My Mom would claim to be half-deaf, yet hear, with amazing clarity, things spoken at average to quiet sound levels, from 2 rooms away. So, we had to be careful to keep conversations very circumspect....which we should all do anyway.
If I needed to rest because of feeling unwell, she'd escalate into amazing drama to show she was far sicker than I....it didn't matter with what. So, I avoided telling her any details of my health, because it helped prevent her hyperbolizing and owning it. I recognized her fears of losing her caregiver, but that didn't seem to mollify her much; it simply helped remove a little of her drama from the mix.
She feared blindness for many years, and is now losing it for real...we could only make sure she had her proper meds [if and when she'd take them]; she's played that up to other relatives on her pity-card; she's used that to manipulate others for so long, and it's not over yet. Not our problem anymore, at our house, as she no longer lives with us.
She feared I was listening in on her phone conversations, so she she got her own phone. She STILL feared we were somehow listening in...there was no fix for that, it was her own paranoia.
She also demanded a lock on her bedroom door, because she felt we, among others, were thieving things from her room....no fix for her paranoia. We stalled as long as we could. Then one brother suckered for it and finally put one on for her....big mistake; she'd already caused one stove fire, one melted cooking pot, and was fixated on using candles in her room...a locked bedroom door with her and her piles of hoarding, was NOT safe in any sense of the word.
But the others thought it was. Good thing she no longer lives with us!
She started, decades ago, going through episodes of being so depressed, repeatedly saying she was going to die soon. Now? She's in her late 80's and still chugging along, while wearing all our frazzles to frazzles---we'll all be lucky to die a bit after she does, if not before!
Yet she still guilt-trips all of us she can reach, as long as we allow her to keep doing it. Those of us trained longer into that by her, don't realize what she is doing until it's too late, and damage has been done. Imho, that's where one sister is at, right now, who took over her caretaking.
So...
Sounds like you already understand that your siblings are Unlikely to be able to help the situation; that means it's up to you to resolve.
Imho, you are stronger than you think. You have much on your side, to support your moving towards better...everything.
---DO keep up with counseling; learn better coping skills, learn how to identify those guilt-trains she keeps rolling at you, before they hit you. Learn evasive maneuvers!
---DO set realistic limits on your elder's use of you, your energy, or your resources. We teach realistic limits to toddlers; it's appropriate to set limits on others, too, as long as there are any rational brain cells in their bodies to understand.

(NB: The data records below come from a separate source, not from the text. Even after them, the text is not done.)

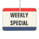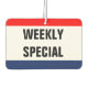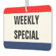 A weekly special promotional air freshener you can easily customize in a few steps if you want. Edit the text line fields you see on this product page, with your own short words. Use capital letters for best results.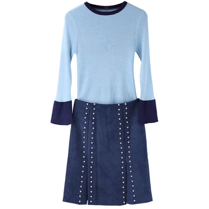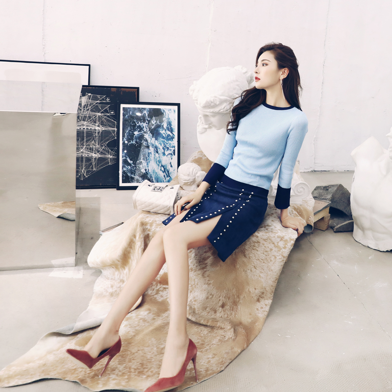 / 兩件套2018春秋時尚新款俏皮針織衫毛衣上衣高腰短裙半身裙女套裝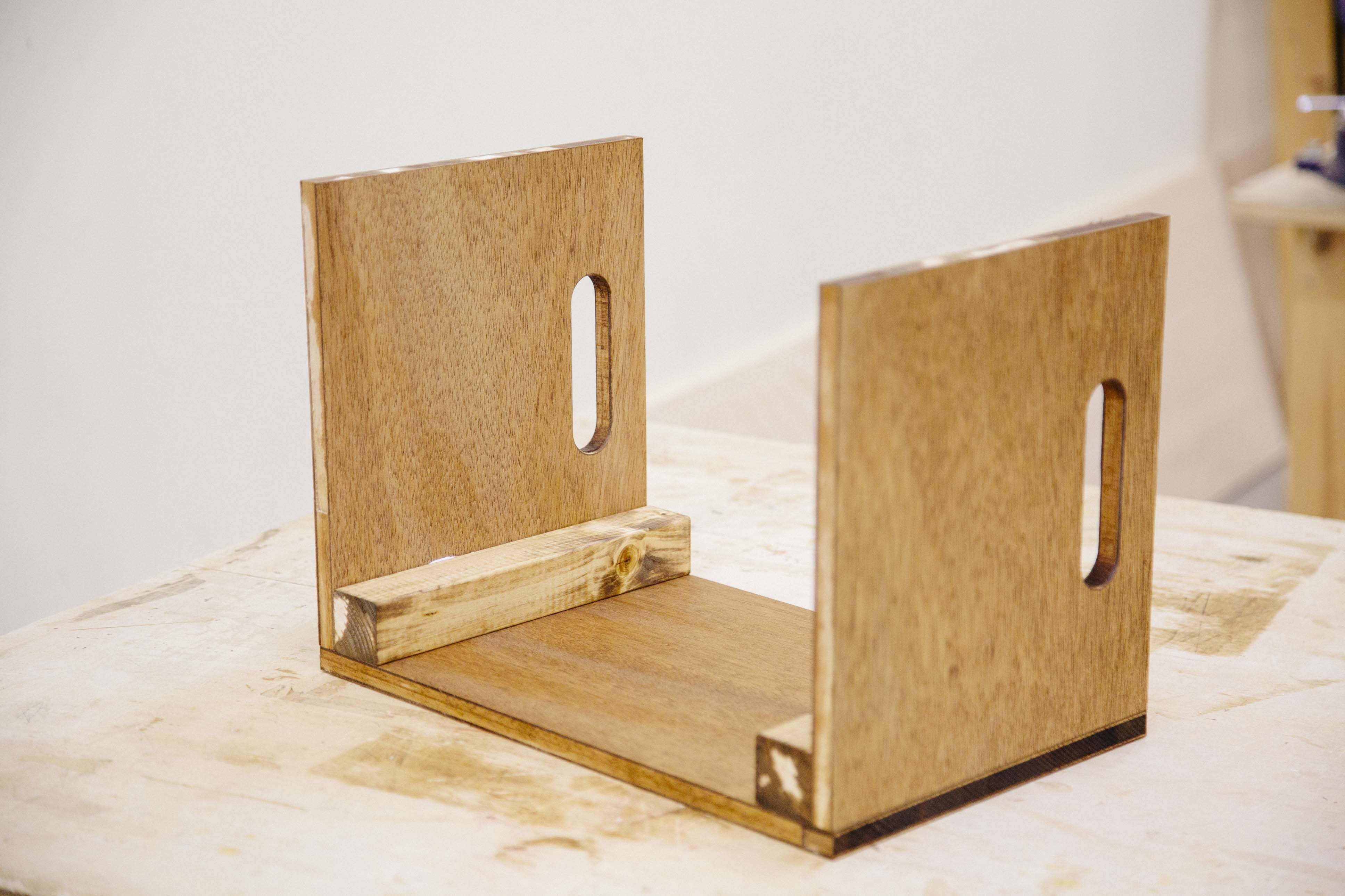 作りたいボックスをイメージしながら、木工用接着剤を使って、木材A、B、2x2材をそれぞれ所定の位置で仮止めします。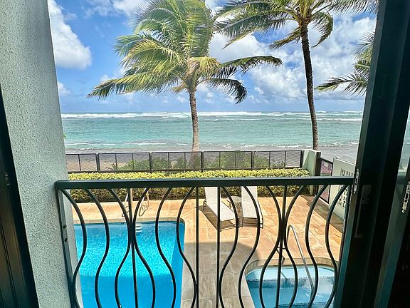 OCEAN FRONT, BEACH FRONT! 2 Bedroom 2 bath Ocean Front, Beach Front, Pool Front, Condo on the North Shore of Oahu. Located in the residential neighborhood of Aweweo Beach Park in Waialua, this condo sleeps 4, has two full baths, a King en Suite with a portable new AC unit. Washer/dryer in the unit, a modern kitchen fit and stocked for the best of cooks. A private parking stall, secured entry, elevator, community pool and spa, beach access and BBQ area. Surf, Paddle, snorkel, view sea life, walk miles of beach just out front! This condo is ideal for a lengthier needed home away from home or a well deserved retreat. Utilities included. Ideal get away, snowbirds, contractors, temporary housing needs.

---DO "call her" on her behaviors....IF.. she has enough mental abilities to understand: 1st identify her bad behaviors to her; 2nd, tell her how those cause you to feel; and 3rd, tell her that her described behaviors are Unacceptable in your home.....AND
---DO tell her you are willing to discuss her realistic concerns, but that you refuse to allow her to manipulate your life as she has.

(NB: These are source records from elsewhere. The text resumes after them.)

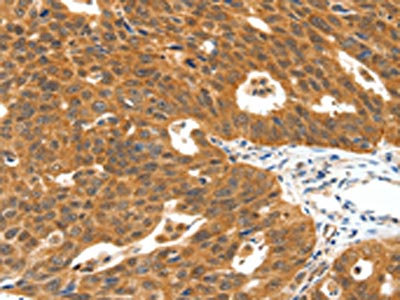 The image on the left is immunohistochemistry of paraffin-embedded Human ovarian cancer tissue using CSB-PA255864(PLAT Antibody) at dilution 1/40, on the right is treated with synthetic peptide. (Original magnification: ×200)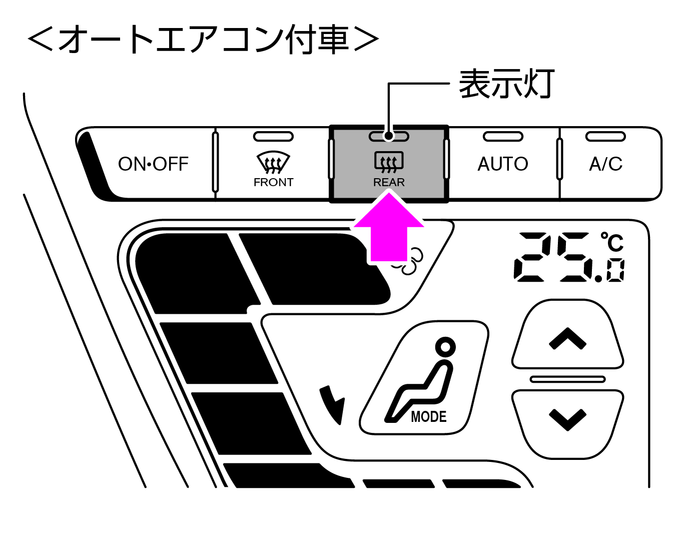 (リヤウインドーデフォッガースイッチの表示灯が点灯)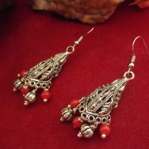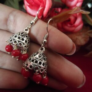 Silver Color Oxidized Hanging Earrings with vibrant red beads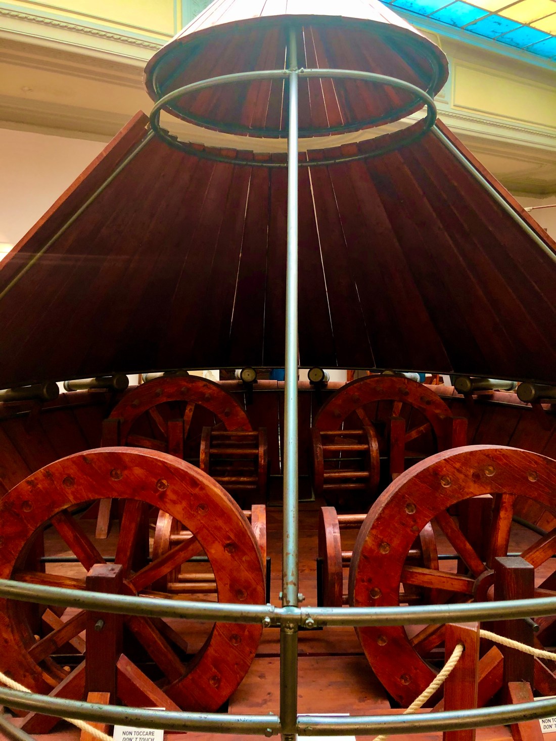 When we finished admiring the works of Michaelangelo it was off to a small museum dedicated to Leonardo da Vinci. The museum has a video – which we watched basically all of – on da Vinci’s life. Interestingly it seemed when he was younger he actually didn’t have much interest in painting but it paid the bills. He spent a large amount of time trying to become a military engineer. The notebook he kept detailing all his scientific thoughts from anatomy to flight to mechanical designs laid the groundwork for many modern inventions. Below is one of his drawings realized – an early version of a tank.

---DO create your own place to live without your elder. Often, we can be better caregivers from a safe distance, instead of under the same roof. Having our own living space, is our sanctuary. We can retreat there and recuperate!
Please keep us posted how you are doing!
You are a valuable asset to yourself, to others, and even though your elder and siblings don't realize it, you are a valued human being to your family, too.
You also might have things to teach others here, on how you finally handle this.
My guess is that a sudden, miraculous recovery will ensue once your little actress realizes the price of crying wolf.